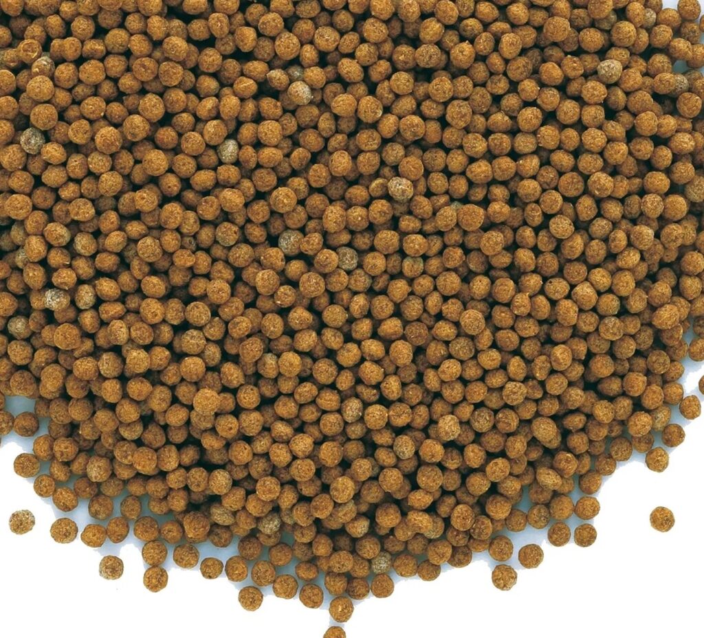 Это специализированное экструдированное сырье в виде плавающих палочек. Размер — 10-15 мм. Основные компоненты: зерновые, составные растительного белка, мука (рыбная, ракообразная, из беспозвоночных). Добавлены необходимые масла и жирные кислоты, витаминно-минеральный состав. Подходит для питания прудовых рыб, карпа КОИ. Стоимость -2093 руб.
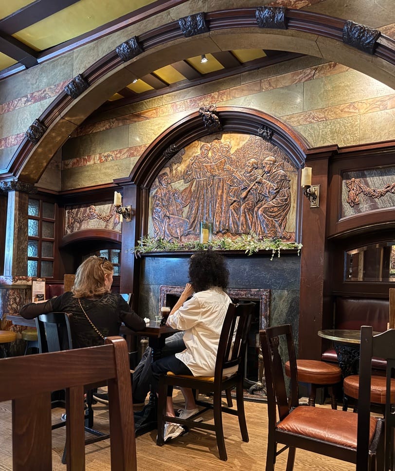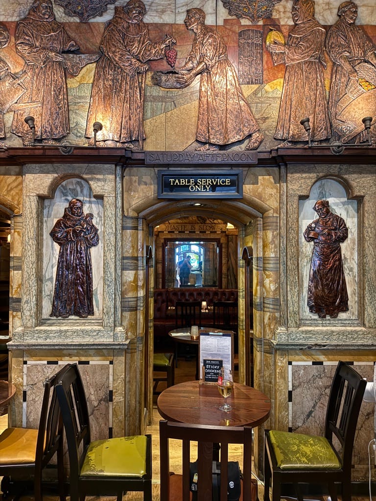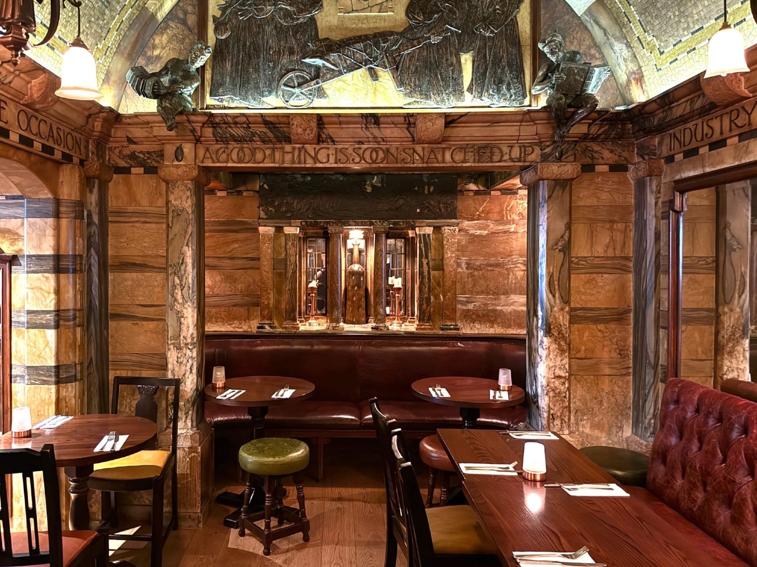Its exuberant copper repoussé panels were designed by sculptor Henry Poole RA and executed with metalworker Frederick T. Callcott, uniting skill and imagination in true Arts and Crafts spirit. Every surface - bronze, alabaster, mosaic, and marble - bears the mark of care and humour: cherubic friars brewing, feasting, and laughing beneath tongue-in-cheek mottos. A living pub and total artwork, the Black Friar celebrates fellowship, craftsmanship, and the handmade poetry of the Edwardian age.
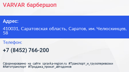 VARVAR, барбершоп по адресу 410031, Саратовская область, Саратов, им. Челюскинцев, 58 в дальнейшем Организация, размещена в следующих категориях:
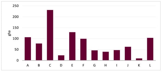 The average EF was 81.3 ± 59.2 gha, with a range spanning from 9.46 to 231.2 gha (Figure 5). These results cannot be compared with literature data, as they are previously unknown. The average, 73 ± 3%, of the EF can be ascribed to the land assigned to the vineyard, while the 27 ± 3% to the area necessary for the assimilation of CO2 emissions. The minimum EF values calculated for Cases D and K are related with the small area of cultivated land, respectively, 5 and 2 hectares.
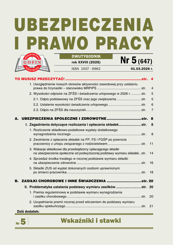 Ubezpieczenia i Prawo Pracy - dwutygodnik o tematyce kadrowo-płacowej, obejmuje zagadnienia z zakresu ubezpieczeń społecznych, ubezpieczenia zdrowotnego, świadczeń z ZUS oraz prawa pracy. W każdym numerze na 68 stronach publikuje tematy zawierające przykłady praktycznych rozwiązań, wzory wypełnionych druków, przydatne pisma, interpretacje organów resortowych i orzecznictwo. Prezentuje odpowiedzi na pytania Czytelników. Zawiera informacje o ważnych terminach oraz zmianach w prawie wraz z komentarzem redakcji.

Exercise: The reply should hold every record, unchanged, and no pictures.

Solved problem:
 Это специализированное экструдированное сырье в виде плавающих палочек. Размер — 10-15 мм. Основные компоненты: зерновые, составные растительного белка, мука (рыбная, ракообразная, из беспозвоночных). Добавлены необходимые масла и жирные кислоты, витаминно-минеральный состав. Подходит для питания прудовых рыб, карпа КОИ. Стоимость -2093 руб.
Its exuberant copper repoussé panels were designed by sculptor Henry Poole RA and executed with metalworker Frederick T. Callcott, uniting skill and imagination in true Arts and Crafts spirit. Every surface - bronze, alabaster, mosaic, and marble - bears the mark of care and humour: cherubic friars brewing, feasting, and laughing beneath tongue-in-cheek mottos. A living pub and total artwork, the Black Friar celebrates fellowship, craftsmanship, and the handmade poetry of the Edwardian age.
 VARVAR, барбершоп по адресу 410031, Саратовская область, Саратов, им. Челюскинцев, 58 в дальнейшем Организация, размещена в следующих категориях:
 The average EF was 81.3 ± 59.2 gha, with a range spanning from 9.46 to 231.2 gha (Figure 5). These results cannot be compared with literature data, as they are previously unknown. The average, 73 ± 3%, of the EF can be ascribed to the land assigned to the vineyard, while the 27 ± 3% to the area necessary for the assimilation of CO2 emissions. The minimum EF values calculated for Cases D and K are related with the small area of cultivated land, respectively, 5 and 2 hectares.
 Ubezpieczenia i Prawo Pracy - dwutygodnik o tematyce kadrowo-płacowej, obejmuje zagadnienia z zakresu ubezpieczeń społecznych, ubezpieczenia zdrowotnego, świadczeń z ZUS oraz prawa pracy. W każdym numerze na 68 stronach publikuje tematy zawierające przykłady praktycznych rozwiązań, wzory wypełnionych druków, przydatne pisma, interpretacje organów resortowych i orzecznictwo. Prezentuje odpowiedzi na pytania Czytelników. Zawiera informacje o ważnych terminach oraz zmianach w prawie wraz z komentarzem redakcji.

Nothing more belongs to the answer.